> On July 17, 2018, 8:52 p.m., Stephan Erb wrote:
> > src/main/java/org/apache/aurora/scheduler/updater/JobUpdateControllerImpl.java
> > Lines 413-417 (patched)
> > <https://reviews.apache.org/r/67696/diff/9/?file=2059744#file2059744line414>
> >
> > I am a bit confused about this. Can you please elaborate a bit more
> > when/how you observed this problem?
> >
> > I am mostly concerned about race conditions here.
> >
> > For example, say I trigger a job update from config A to B. Shortly
> > before I update an instance the instance fails or transitions to LOST.
> > Concurrently we might end up hopping into the `instanceChanged` method
> > here, but bail due to the new guard without ever handling the switch from
> > config A to B.
> >
> > Could be that I am missing something entirely here. Would be great if
> > you could elaborate.
Good question.
When we determine what action we should perform on an instance, we use the
config/state we get from these task events. If we are using stale information,
we may be producing inaccurate actions to perform. This is a rare scenario but
it relies on tons of async events happening at the same time so there is a
large delay in event processing. The scenario that I encountered that lead me
to introduce this guard was the following:
1. Task "ABC-old-1" is being scheduled and goes from ASSIGNED -> RUNNING
(RUNNING is now on queue to be evaluated as an update)
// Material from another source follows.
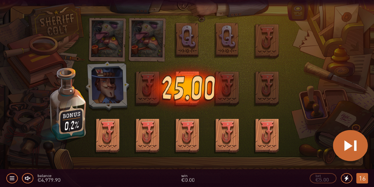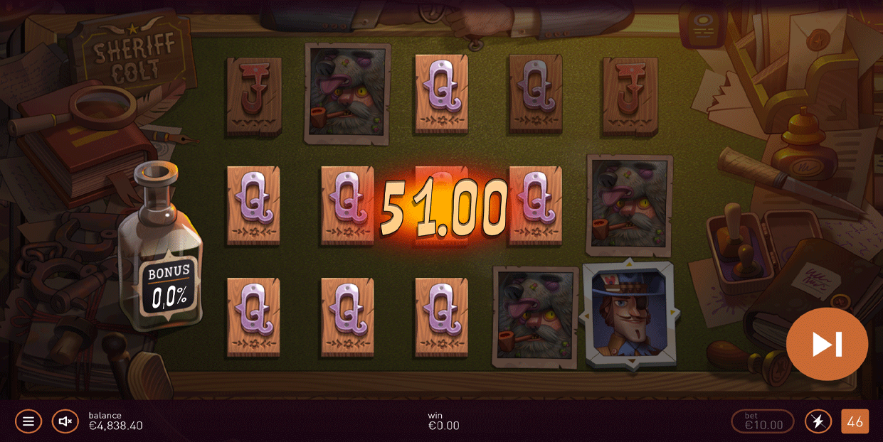 The Sheriff Colt slot is described as a medium volatility slot. Which combines the best of low and high volatility slots. You get frequent payouts that are satisfying in size. All in all, we would encourage you to give the Sheriff Colt slot a few spins. This video slot promises enticing rewards up to x10,000 on your bet, plenty of free spins, and seamless gameplay. Peter and Sons did not cease to amaze us again with an exceptional product.

2. A different previous task finishes updating so instance 1 is added to the
working group to be updated. The initial evaluation causes "ABC-old-1" to be
moved to KILLING.
3. "ABC-old-1" is KILLED and "ABC-new-1" is created and running.
4. RUNNING from the async queue is finally evaluated so we see that this
instance number needs to be updated (since it is "ABC-old-1") so we kill the
task at 1 (which is now "ABC-new-1").
5. Before this patch, this would mean the task needs to be killed and added
again. Now, since there is an async aspect to killing, this could mean an
instance # is permanently killed post-update.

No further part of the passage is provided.